## WHAT IS NEEDED
Quote the records beneath, complete and exact. Leave out images.

Saved data entries
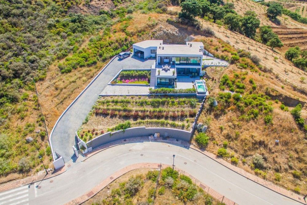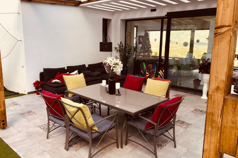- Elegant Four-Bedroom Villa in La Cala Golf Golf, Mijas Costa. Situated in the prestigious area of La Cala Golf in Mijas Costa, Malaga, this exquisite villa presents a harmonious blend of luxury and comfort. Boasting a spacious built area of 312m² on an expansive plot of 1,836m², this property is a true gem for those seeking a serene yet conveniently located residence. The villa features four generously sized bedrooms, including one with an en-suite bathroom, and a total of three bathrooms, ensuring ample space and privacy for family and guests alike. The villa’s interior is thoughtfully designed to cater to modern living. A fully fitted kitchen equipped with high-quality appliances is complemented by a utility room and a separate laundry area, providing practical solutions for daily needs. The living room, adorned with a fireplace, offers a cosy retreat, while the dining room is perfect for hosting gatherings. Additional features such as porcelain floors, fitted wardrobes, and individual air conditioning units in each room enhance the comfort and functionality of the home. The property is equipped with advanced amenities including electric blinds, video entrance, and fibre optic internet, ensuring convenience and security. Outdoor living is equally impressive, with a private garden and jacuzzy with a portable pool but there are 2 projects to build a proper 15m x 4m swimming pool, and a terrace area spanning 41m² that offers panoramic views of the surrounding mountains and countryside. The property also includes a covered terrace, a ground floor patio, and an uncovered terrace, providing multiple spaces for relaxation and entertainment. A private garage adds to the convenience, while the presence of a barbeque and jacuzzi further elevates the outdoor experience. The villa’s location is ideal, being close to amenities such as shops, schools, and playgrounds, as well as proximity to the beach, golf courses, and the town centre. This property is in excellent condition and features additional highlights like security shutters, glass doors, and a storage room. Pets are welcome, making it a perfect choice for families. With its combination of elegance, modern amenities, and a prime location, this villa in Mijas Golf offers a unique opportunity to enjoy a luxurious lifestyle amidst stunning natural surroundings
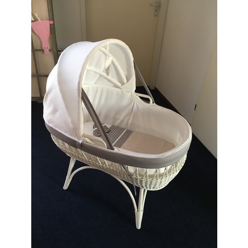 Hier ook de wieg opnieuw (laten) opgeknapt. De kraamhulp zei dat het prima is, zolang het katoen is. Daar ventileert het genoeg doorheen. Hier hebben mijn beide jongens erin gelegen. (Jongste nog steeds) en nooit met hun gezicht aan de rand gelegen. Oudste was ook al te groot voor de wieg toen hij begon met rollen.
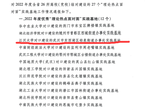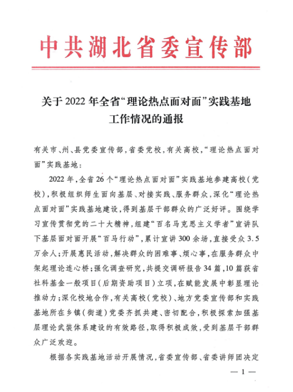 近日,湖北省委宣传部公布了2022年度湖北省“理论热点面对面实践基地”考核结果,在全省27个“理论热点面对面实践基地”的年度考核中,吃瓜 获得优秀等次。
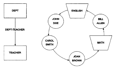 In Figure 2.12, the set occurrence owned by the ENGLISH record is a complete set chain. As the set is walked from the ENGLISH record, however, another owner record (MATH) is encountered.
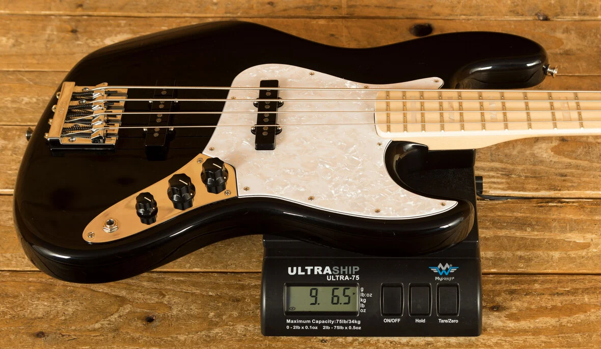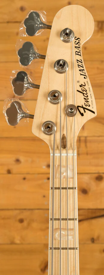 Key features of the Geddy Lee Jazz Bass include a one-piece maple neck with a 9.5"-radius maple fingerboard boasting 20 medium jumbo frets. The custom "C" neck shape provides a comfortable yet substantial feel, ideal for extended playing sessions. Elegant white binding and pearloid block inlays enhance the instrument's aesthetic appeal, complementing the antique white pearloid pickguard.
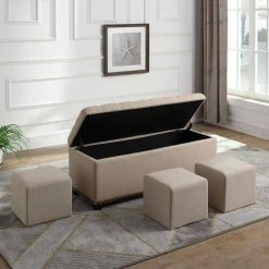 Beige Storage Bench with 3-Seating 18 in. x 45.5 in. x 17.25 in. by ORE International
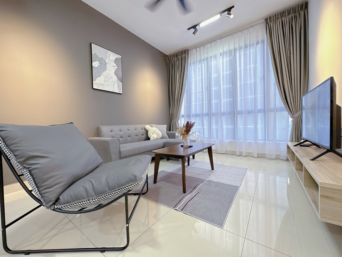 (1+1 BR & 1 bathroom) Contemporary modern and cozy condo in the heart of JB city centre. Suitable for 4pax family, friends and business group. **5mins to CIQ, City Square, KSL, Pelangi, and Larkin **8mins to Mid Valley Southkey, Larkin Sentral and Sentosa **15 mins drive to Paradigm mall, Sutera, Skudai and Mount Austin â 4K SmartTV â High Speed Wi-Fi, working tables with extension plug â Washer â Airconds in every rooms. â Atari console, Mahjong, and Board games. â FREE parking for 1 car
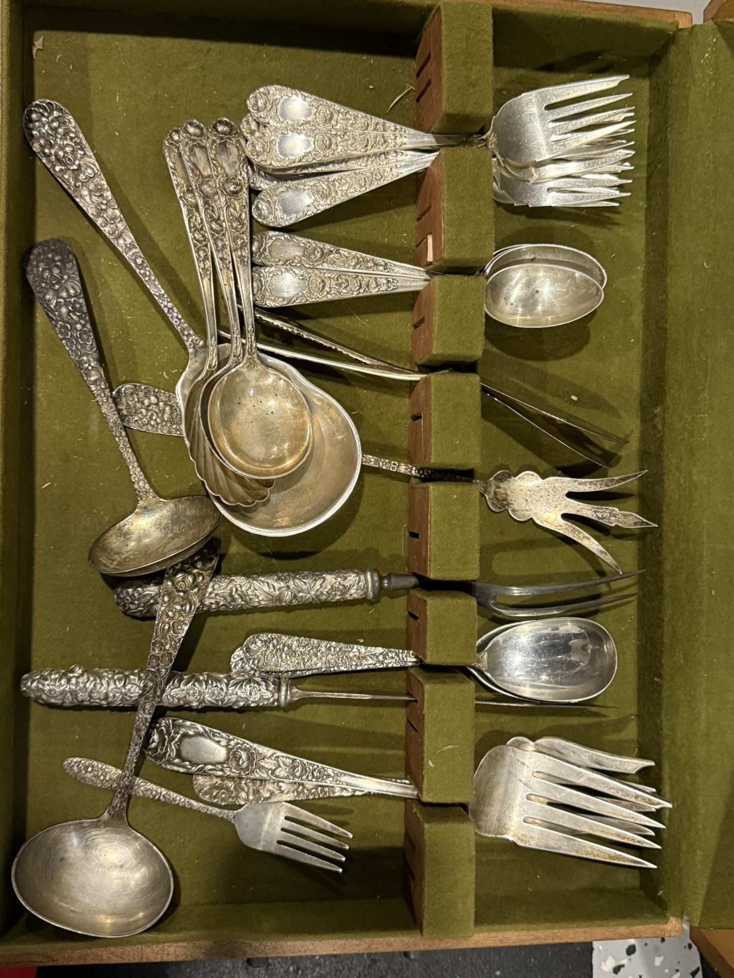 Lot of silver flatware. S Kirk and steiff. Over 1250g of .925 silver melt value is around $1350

## FINISHED EXERCISE
- Elegant Four-Bedroom Villa in La Cala Golf Golf, Mijas Costa. Situated in the prestigious area of La Cala Golf in Mijas Costa, Malaga, this exquisite villa presents a harmonious blend of luxury and comfort. Boasting a spacious built area of 312m² on an expansive plot of 1,836m², this property is a true gem for those seeking a serene yet conveniently located residence. The villa features four generously sized bedrooms, including one with an en-suite bathroom, and a total of three bathrooms, ensuring ample space and privacy for family and guests alike. The villa’s interior is thoughtfully designed to cater to modern living. A fully fitted kitchen equipped with high-quality appliances is complemented by a utility room and a separate laundry area, providing practical solutions for daily needs. The living room, adorned with a fireplace, offers a cosy retreat, while the dining room is perfect for hosting gatherings. Additional features such as porcelain floors, fitted wardrobes, and individual air conditioning units in each room enhance the comfort and functionality of the home. The property is equipped with advanced amenities including electric blinds, video entrance, and fibre optic internet, ensuring convenience and security. Outdoor living is equally impressive, with a private garden and jacuzzy with a portable pool but there are 2 projects to build a proper 15m x 4m swimming pool, and a terrace area spanning 41m² that offers panoramic views of the surrounding mountains and countryside. The property also includes a covered terrace, a ground floor patio, and an uncovered terrace, providing multiple spaces for relaxation and entertainment. A private garage adds to the convenience, while the presence of a barbeque and jacuzzi further elevates the outdoor experience. The villa’s location is ideal, being close to amenities such as shops, schools, and playgrounds, as well as proximity to the beach, golf courses, and the town centre. This property is in excellent condition and features additional highlights like security shutters, glass doors, and a storage room. Pets are welcome, making it a perfect choice for families. With its combination of elegance, modern amenities, and a prime location, this villa in Mijas Golf offers a unique opportunity to enjoy a luxurious lifestyle amidst stunning natural surroundings
 Hier ook de wieg opnieuw (laten) opgeknapt. De kraamhulp zei dat het prima is, zolang het katoen is. Daar ventileert het genoeg doorheen. Hier hebben mijn beide jongens erin gelegen. (Jongste nog steeds) en nooit met hun gezicht aan de rand gelegen. Oudste was ook al te groot voor de wieg toen hij begon met rollen.
 近日,湖北省委宣传部公布了2022年度湖北省“理论热点面对面实践基地”考核结果,在全省27个“理论热点面对面实践基地”的年度考核中,吃瓜 获得优秀等次。
 In Figure 2.12, the set occurrence owned by the ENGLISH record is a complete set chain. As the set is walked from the ENGLISH record, however, another owner record (MATH) is encountered.
 Key features of the Geddy Lee Jazz Bass include a one-piece maple neck with a 9.5"-radius maple fingerboard boasting 20 medium jumbo frets. The custom "C" neck shape provides a comfortable yet substantial feel, ideal for extended playing sessions. Elegant white binding and pearloid block inlays enhance the instrument's aesthetic appeal, complementing the antique white pearloid pickguard.
 Beige Storage Bench with 3-Seating 18 in. x 45.5 in. x 17.25 in. by ORE International
 (1+1 BR & 1 bathroom) Contemporary modern and cozy condo in the heart of JB city centre. Suitable for 4pax family, friends and business group. **5mins to CIQ, City Square, KSL, Pelangi, and Larkin **8mins to Mid Valley Southkey, Larkin Sentral and Sentosa **15 mins drive to Paradigm mall, Sutera, Skudai and Mount Austin â 4K SmartTV â High Speed Wi-Fi, working tables with extension plug â Washer â Airconds in every rooms. â Atari console, Mahjong, and Board games. â FREE parking for 1 car
 Lot of silver flatware. S Kirk and steiff. Over 1250g of .925 silver melt value is around $1350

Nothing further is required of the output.